Dataset 1: Data is created using 300 independent observations, where the covariate vector \(( W_1, . . . ,W_{25} )\) is multivariate normal with mean zero and a covariance matrix having elements \((i, j)\) equal to \(0.9^{|i−j|}\). Survival times are simulated from an exponential distribution with mean \(\mu = e^{0.1 \sum_{i=11}^{20}} W_i\) (i.e., a proportional hazards model) and the censoring distribution is exponential with mean chosen to get approximately 30% censoring.

Dataset 2: Data is created using 200 independent observations where the covariate vector (\(W_1, . . . ,W_{25}\)) consists of 25 iid uniform random variables on the interval [0, 1]. The survival times follow an exponential distribution with mean \(μ = sin(W_1\pi) + 2|W_2 − 0.5| + W_3^3\). Censoring is uniform on [0, 6], which results in approximately 24% censoring. Here, the proportional hazards assumption is mildly violated.

Dataset 3: Data is created using 300 independent observations where the covariates (\(W_1, . . . ,W_{25}\)) are multivariate normal with mean zero and a covariance matrix having elements \((i, j)\) equal to \(0.75^{|i−j|}\). Survival times are gamma distributed with shape parameter \(\mu=0.5+0.3|\sum_{i=11}^{15} W_i|\) and scale parameter 2. Censoring times are uniform on [0, 15], which results in approximately 20% censoring. Here, the proportional hazards assumption is strongly violated.

Dataset 4: Data is created using 300 independent observations where the covariates \((W_1, . . . ,W_{25})\) are multivariate normal with mean zero and a covariance matrix having elements \((i, j)\) equal to \(0.75^{|i−j|}\). Survival times are simulated according to a log-normal distribution with mean \(\mu = 0.1|\sum_{i=1}^5 W_i| + 0.1|\sum_{i=21}^{25}W_i|\). Censoring times are log-normal with mean \(\mu + 0.5\) and scale parameter one, and the censoring rate is approximately 32%. Here, the underlying censoring distribution depends on covariates.

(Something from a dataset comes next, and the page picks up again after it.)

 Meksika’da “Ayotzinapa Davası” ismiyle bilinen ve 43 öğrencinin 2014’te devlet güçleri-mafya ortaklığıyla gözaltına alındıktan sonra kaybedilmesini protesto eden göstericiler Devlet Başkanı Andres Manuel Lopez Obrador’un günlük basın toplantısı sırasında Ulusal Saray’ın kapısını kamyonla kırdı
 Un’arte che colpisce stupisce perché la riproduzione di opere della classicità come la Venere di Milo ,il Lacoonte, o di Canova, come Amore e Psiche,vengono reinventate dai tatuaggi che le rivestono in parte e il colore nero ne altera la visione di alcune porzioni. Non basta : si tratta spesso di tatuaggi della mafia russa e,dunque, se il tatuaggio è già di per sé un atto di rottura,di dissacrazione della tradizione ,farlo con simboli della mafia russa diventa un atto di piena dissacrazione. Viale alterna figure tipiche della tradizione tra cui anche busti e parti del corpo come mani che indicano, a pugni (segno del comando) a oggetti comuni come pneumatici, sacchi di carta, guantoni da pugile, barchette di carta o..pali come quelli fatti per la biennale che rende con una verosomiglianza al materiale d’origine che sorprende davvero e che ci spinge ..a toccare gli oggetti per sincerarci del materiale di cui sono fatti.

3. Predictive Evaluation Metrics in Survival Analysis

3.1 Concordance index

The most used survival model evaluation metrics is the Concordance index (CI) ([5]; [9]; [13]; [12]; [2]), which is the generalization of the ROC curve in the complete data in the survival data ([4]; [14]; [10]; [13]). CI can be divided into two categories according to whether considering the data tied.

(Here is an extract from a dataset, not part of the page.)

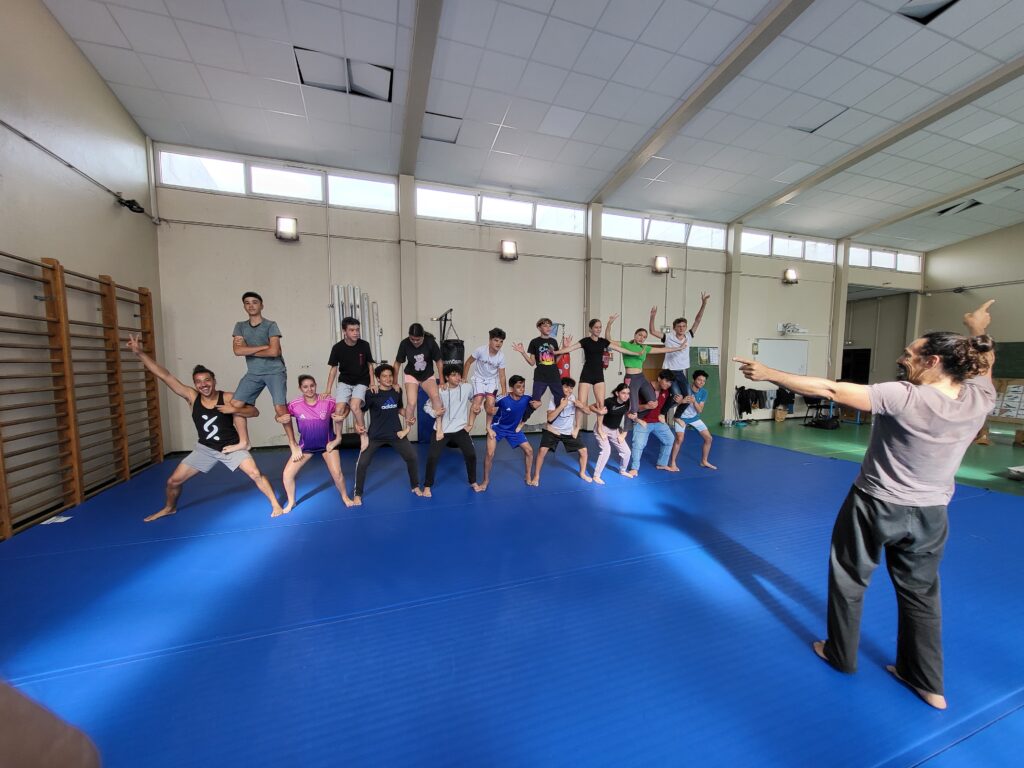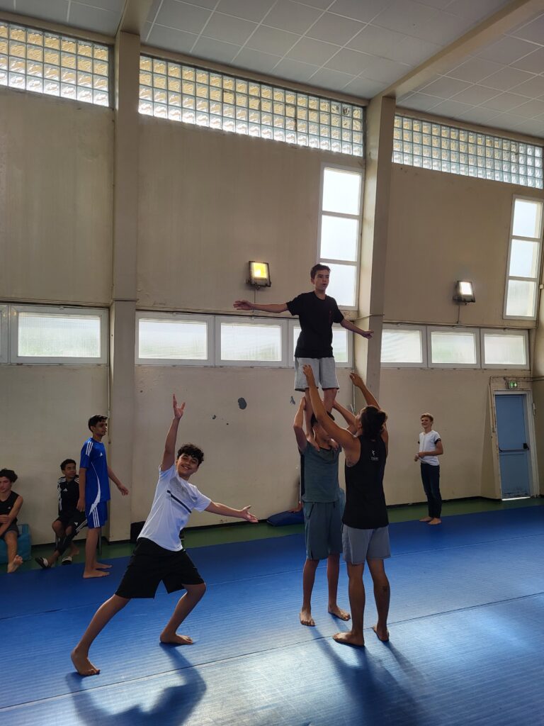 Un stage de cirque a Ă©galement Ă©tĂ© proposĂ© en soirĂ©e au sein du Mandrill Dojo, club de karatĂ© et karatĂ© mix conventionnĂ© avec le collège pour la Section RAID. Ce moment, ouvert aux adhĂ©rents volontaires – Ă©lèves, parents d’Ă©lèves et d’adultes –, a permis de faire le lien entre les pratiques sportives et artistiques, dans une ambiance conviviale et dynamique.

In practical applications, deaths may be observed in both samples (\(\delta_i=1\) and \(\delta_j=1\)) in the sample pair, and the observed survival times are the same (\(T_i=X_i=X_j=T_j\)). In this case, when the survival probabilities or survival times predicted by the model are also equal(\(Y_i=Y_j\)), the model has a perfect predictive ability. However, without considering ties between survival times, this kind of sample pair cannot improve CI for the original CI definition.

To deal with this problem, Ishwaran introduced an improved CI calculation method for the tied survival data ([7]). According to their definition, if the prediction result is survival time or survival probability, the smaller the prediction result, the worse it is; if the prediction result is the hazard function, the larger the value, the worse the prediction result. Detailed information on how to calculate CI are shown below:

  • First define the comparable sample pair:

\[np_{ij}\left(X_{i}, \delta_{i}, X_{j}, \delta_{j}\right) = max(I\left(X_{i} \geqslant X_{j}\right) \delta_{j},I\left(X_{i} \leqslant X_{j}\right) \delta_{i}) \]

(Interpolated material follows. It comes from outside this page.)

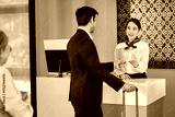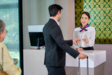 Attractive smile young woman air staff giving passport and ticket back to businessman at airport check-in counter

  • In the second step, calculate the Complete Concordance (CC):

\[ CC = \sum_{i,j}I(sign(Y_i,Y_j)=csign(X_i,X_j)|np_{ij}=1) \] where:

\[sign(Y_i,Y_j) = I\left(Y_{i} \geqslant Y_{j}\right) -I\left(Y_{i} \leqslant Y_{j}\right)\] \[\operatorname{csign}\left(X_{i}, \delta_{i}, X_{j}, \delta_{j}\right)=I\left(X_{i} \geqslant X_{j}\right) \delta_{j}-I\left(X_{i} \leqslant X_{j}\right) \delta_{i}\]

  • Then, derive the Partial Concordance (PC):

\[\begin{aligned} PC & =\sum_{i, j} I\left(Y_{i}=Y_{j} \mid n p_{i j}=1, X_{i} \neq X_{j}\right)\\ &+I\left(Y_{i} \neq Y_{j} \mid n p_{i j}=1, X_{i}=X_{j}, \delta_{i}=\delta_{j}=1\right) \\ &+ I\left(Y_{i} \geq Y_{j} \mid n p_{i j}=1, X_{i}=X_{j}, \delta_{i}=1, \delta_{j}=0\right) \end{aligned}\]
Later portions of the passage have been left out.